Tourism Kelowna itself is not the attraction. I have travelled a lot and ‘my study shows the vast majority’ of cities have tourism centres in train stations, airports and other areas where people are in transit.

There isn’t a tourism centre in the Louvre telling people what there is to do in Paris. The Louvre is the attraction.

We have natural beauty that is highly prized by visitors. There is very little we could build on the waterfront that would be more interesting than the lake. We should be very careful that we don’t eliminate the attraction in our zeal to promote tourism.

Tony Stewart is even more transparent. It seems that he considers the raison d’etre for Tourism Kelowna is to steer people from the downtown area to his winery. He trots out old standards like “the basic rule of business is go where the customers are.” Perhaps he’s planning to occupy a section of the proposed centre himself.

What he doesn’t seem to understand is that the people who go to the downtown area and walk along the waterfront or go to the beach are actually enjoying what they are doing.

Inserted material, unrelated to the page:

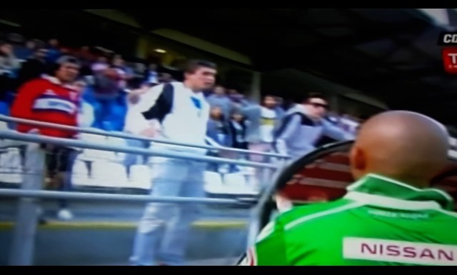 Sebastián Pol, delantero argentino que juega en el Audax Italiano de Chile, propinó una patada a un hincha que lo había insultado durante el partido ante el Universidad Católica (4-1).

That’s why they’re there. They aren’t lost. It’s one of the reasons they are in Kelowna in the first place.

Tourism Kelowna shouldn’t be working for the Stewarts. Many major cities have recently done costly rehabilitation of waterfront areas, bringing them back to the public. Can we not learn from them?

If Kelowna city council created a competition for urban planners, not one of them would suggest building a 5,000-square-foot structure on the waterfront. Not for any reason. Makes you wonder who the planners are and where they got their training.